世の中には英語学習方法があふれかえっています。書籍、ウエブサイト、アプリ....これほど英語学習の教材があふれている国も、あまりないのではないでしょうか?

ところが不思議なことに、大多数の日本人は英語がほとんどできません。

読むのも書くのも、聞くのも話すのもできません。中学高校と6年間も英語を勉強し、大学受験の必須科目になっているにも関わらずです。そして、「日本人は英語ができない」と、僕の記憶にある限り言われ続けています。おそらく戦後70年間、ずっと言われてきたのではないでしょうか?

要するにこういうことです。日本の英語教育は完全に壊れています。

どこか一部分がちょっと悪いのではなく、全体的にとてもダメなのです。だから、少しばかりある部分を直しても、何も改善しません。土台が歪み、柱が曲がり、屋根瓦が落ち、雨漏りがする家があったらどうするでしょうか? そう。壊して建て直した方が早いのです。日本の英語教育はそのくらいダメです。

しかし、このひどい教育制度のおかげ(?)で得する人もたくさんいます。例えば学校の英語教育にはさっさと見切りをつけ、自分で勉強した人です。あるいは交換留学制度などを利用して、英語を身につけてきてしまった人です。周りの人がほとんど英語ができないので、ちょっと英語ができるだけで確実に優位に立てます。

僕も英語ができるというこの1点だけで、今から22年ほど前にアップルの日本法人に就職を果たしました。確かにプログラミングもできましたが、英語ができることで相当得をしたのは否めません。

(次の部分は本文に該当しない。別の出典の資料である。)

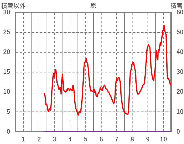 | 日 | 時 | 気温 | 降水 | 風向/風速 | 日照 | 積雪 | 降雪 |

その後も、まだ就職1年目にして上級副社長の前でプレゼンをする機会に恵まれたことがあります。これも、英語ができたからです。英語は日本国内において、かなりパフォーマンスの高い技能になりうるのです。

今までの常識は捨てよう

話は割と簡単です。「まず単語を覚えて、文法を学習して....」という今までの常識は捨てて、一番最初から会話練習をすればいいんです。文法のクラスを履修してから英語を話し出すネイティブスピーカーは存在しません。みんな親や兄弟やテレビ番組の真似をしながら、喋るところから始めるのです。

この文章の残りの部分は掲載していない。